Hadoop Basics I: Working with Sequence Files

In this new series of posts, we will explore basic techniques on how to query structured data. Querying means filtering, projecting, aggregating, sorting and joining data. We will view different methods of querying on different Hadoop frameworks (MapReduce, Hive, Spark, etc …).

Sequence Files CompressionThis first part will briefly introduce the dataset which will be used throughout this series, and then present the Sequence File data format. We will see how to write and read Sequence Files with a few code snippets, and benchmark the different compression types to choose the best one.

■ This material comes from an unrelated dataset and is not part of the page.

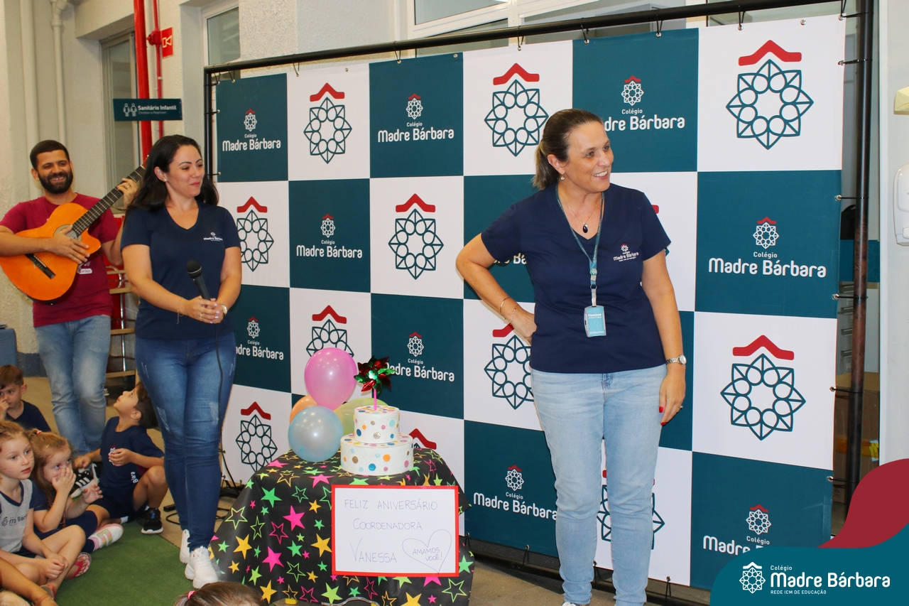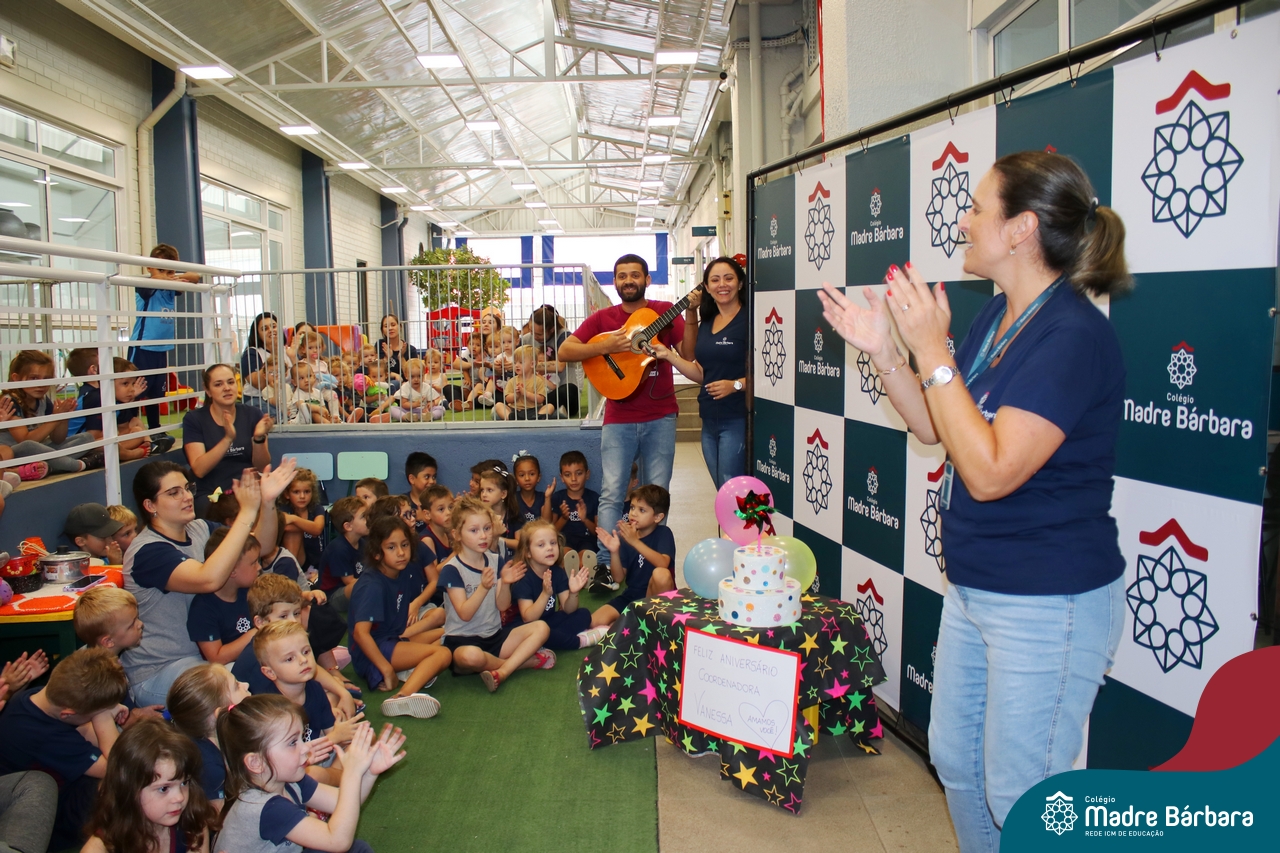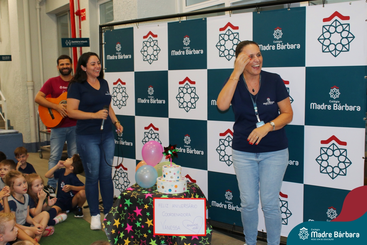 Hoje foi dia de festa na Educação Infantil. Nesta terça-feira, dia 5 de março, a Coordenadora Pedagógica, Vanessa Ely, comemorou seu aniversário com as crianças da Educação Infantil. Todos reunidos para as surpresas, tanto no turno da manhã quando da tarde, para um parabéns especial e entrega de mimos personalizados, cheios de carinho e amor. No turno da manhã, a professora Marta Lorde esteve junto recebendo parabéns e o carinho das crianças, pois também comemora seu aniversário neste dia! Feliz aniversário, que Bárbara Maix e Deus abençoe sempre a vida de vocês com muita saúde! Sigam amando o que fazem em nosso Colégio Madre Bárbara!

We will format our dataset in a Sequence File, for later use in various frameworks in my following posts.

Contents

The Cluster

I will use my own mini cluster for running jobs and benchmarking stuff. You may find details on my 5-node home-made cluster in another series of posts, starting here.

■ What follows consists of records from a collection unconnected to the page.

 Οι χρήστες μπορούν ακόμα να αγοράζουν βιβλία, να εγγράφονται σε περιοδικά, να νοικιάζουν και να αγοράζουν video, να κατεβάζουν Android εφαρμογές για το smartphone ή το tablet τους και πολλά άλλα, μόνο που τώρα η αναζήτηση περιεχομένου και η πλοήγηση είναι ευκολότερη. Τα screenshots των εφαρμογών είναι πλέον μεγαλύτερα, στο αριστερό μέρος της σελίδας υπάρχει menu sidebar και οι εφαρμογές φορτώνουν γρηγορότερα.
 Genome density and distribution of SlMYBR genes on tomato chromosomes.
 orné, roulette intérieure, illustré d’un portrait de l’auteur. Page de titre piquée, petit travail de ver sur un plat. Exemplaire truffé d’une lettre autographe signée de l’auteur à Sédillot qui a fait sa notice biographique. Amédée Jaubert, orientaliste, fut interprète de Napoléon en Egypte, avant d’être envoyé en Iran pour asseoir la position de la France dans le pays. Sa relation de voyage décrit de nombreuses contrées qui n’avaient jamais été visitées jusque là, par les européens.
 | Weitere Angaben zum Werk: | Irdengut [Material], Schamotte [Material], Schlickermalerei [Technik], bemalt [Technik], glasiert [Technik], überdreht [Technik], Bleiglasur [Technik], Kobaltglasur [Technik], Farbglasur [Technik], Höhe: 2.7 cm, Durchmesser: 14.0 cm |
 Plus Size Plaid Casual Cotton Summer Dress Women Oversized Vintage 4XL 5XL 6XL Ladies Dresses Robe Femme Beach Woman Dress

However, I have decided to use 1 GB of memory for MapReduce containers (mappers and reducers) instead of 512 MB during this series of tutorials. Since my micro-computers only have 2 GB of RAM, this results in a maximum of 2 containers running at the same time on each of my 4 slave nodes.

The Dataset

The dataset we will use in this series of tutorials is from the “DonorsChoose” organization, which provides a platform for donating money to school projects.

Their school projects and donations database is open for downloads as separate CSV files for each table. The files and detailed explanations can be found here on their website : http://data.donorschoose.org/open-data/overview/.

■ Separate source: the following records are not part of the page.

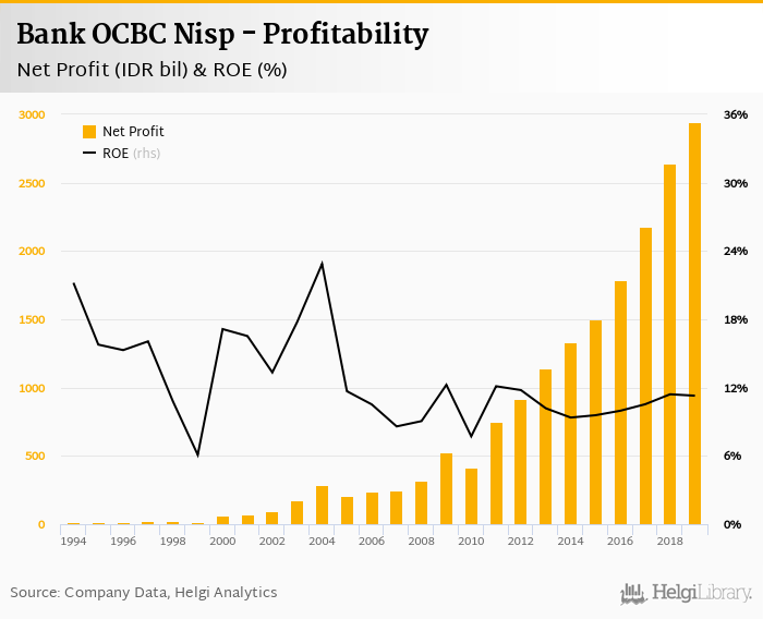 Bank OCBC Nisp made a net profit of IDR 2,940 bil in 2019, up 11.5% compared to the previous year. This implies a return on equity of 11.3%.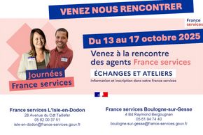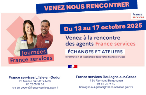 Du13oct.à17oct. Service à la population Journées France servicesBoulogne-sur-Gesse et L'Isle-en-Dodon En savoir plus PrécédentRetour à la listeSuivant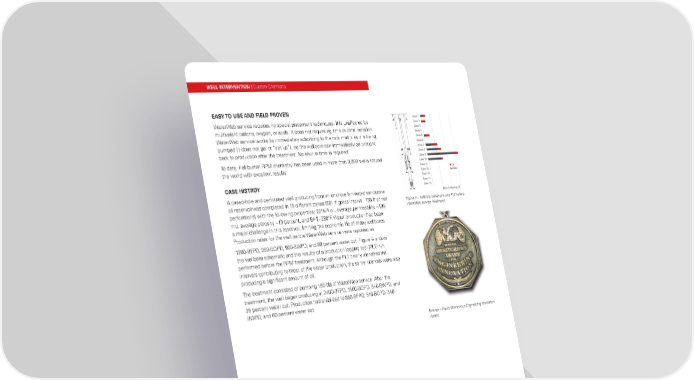 Figure A - wellbore schematic and PLT before WaterWeb service treatment. EASY TO USE AND FIELD PROVEN WaterWeb service requires no special placement techniques. It is unaffected by multivalent cations, oxygen, or acids. It does not require rig time or zonal isolation. WaterWeb service works by immediately adsorbing to the rock matrix as it is being pumped (it does not gel or “set up”), so the wellbore can immediately be brought back to production after the treatment. No shut-in time is required. To date, Halliburton RPM chemistry has been used in more than 3,000 wells around the world with excellent results. CASE HISTROY A cased-hole and perforated well producing from an onshore laminated sandstone oil reservoirwas completed in 15 different zones (681 ft gross interval, 155 ft of net perforations) with the following properties: 20°API oil, average permeability ~195- md, average porosity ~13 percent, and BHT~280°F. Water production had been a major challenge in this reservoir, limiting the economic life of many wellbores. Production rates for the well before WaterWeb service were reported as 1200-BFPD, 260-BOPD, 960-BWPD, and 80 percent water cut. Figure A shows the wellbore schematic and the results of a production logging tool (PLT) run performed before the RPM treatment. Although the PLT clearly identified the intervals contributing to most of the water production, the same intervals were also producing a significant amount of oil. The treatment consisted of pumping 180-bbl of WaterWeb service. After the treatment, the well began producing at 2400-BFPD, 1560-BOPD, 840-BWPD, and 35 percent water cut. Production had stabilized to 850-BFPD, 510-BOPD, 340- BWPD, and 60 percent water cut. Winner – Hart’s Meritorious Engineering Innovation Award LEVEL 1 CAPABILITY | Level 2 Capability (if applicable) WELL INTERVENTION | Custom Chemistry For more information, contact your local Halliburton representative or visit us on the web at www.halliburton.com Sales of Halliburton products and services will be in accord solely with the terms and conditions contained in the contract between Halliburton and the customer that is applicable to the sale. H03706 03/21 © 2021 Halliburton. All Rights Reserved.

In this post we will simply use the “donations” table data, which contains 5 million donation entries (rows). The original CSV’s uncompressed file size is about 1.6 GB.

You may view a sample that I made of the first 10 lines of the “donations” data here.

Sequence Files

Instead of working directly with the CSV dataset files for our MapReduce operations, we will create a Sequence File containing all of the data that we want.

Introduction

A Sequence File is a file containing a sequence of binary Key/Value records, where both Key and Value are serialized objects. These objects can be anything extending Hadoop’s Writable interface. So they can be simple objects like strings or integers, but they can also be a custom-made object with many attributes.

Using Sequence Files instead of CSV or other text files has the following advantages :

  • Read structured objects directly from the file, instead of splitting and mapping each value of a CSV line each time.
  • Transparent and splittable compression natively supported in Hadoop. No extra code or steps to do if you want to work with compressed Sequence Files.

On the other hand, there is an overhead for coding the necessary java classes and generating the Sequence File itself.

Sequence File vs. Other Data Formats

Sequence File is in fact a basic low-level data storage format.

Other more advanced data formats can be used in Hadoop, such as Avro, Parquet, ORC, Protocol Buffers, Thrift, etc…

The advantages that Sequence Files has over them is :

  • Being natively supported by Hadoop. No need to install anything. In fact it is used internally by Hadoop behind the scenes.
  • Write performance : it is faster than all other data formats to write data.
  • It also has good reading performance when it comes to reading full rows of data.

However it has some disadvantages as well, mainly because of being low-level and designed for Hadoop  :

  • No multi-language support : only Java
  • No code generation : you have to write your own objects in Java. And Java is not the fastest language to write 😉
  • No schema evolution : If you want to remove attributes, you have to manually recreate another file with new modified objects.

When should we use Sequence Files ?

In a corporate setting you probably wouldn’t use Sequence Files to store your datasets, because the disadvantages listed above are quite crucial most of the time in the industry. Unless you need to create datasets which will be written once, never change, and always read full rows using Java code, you’d better use more advanced data formats :).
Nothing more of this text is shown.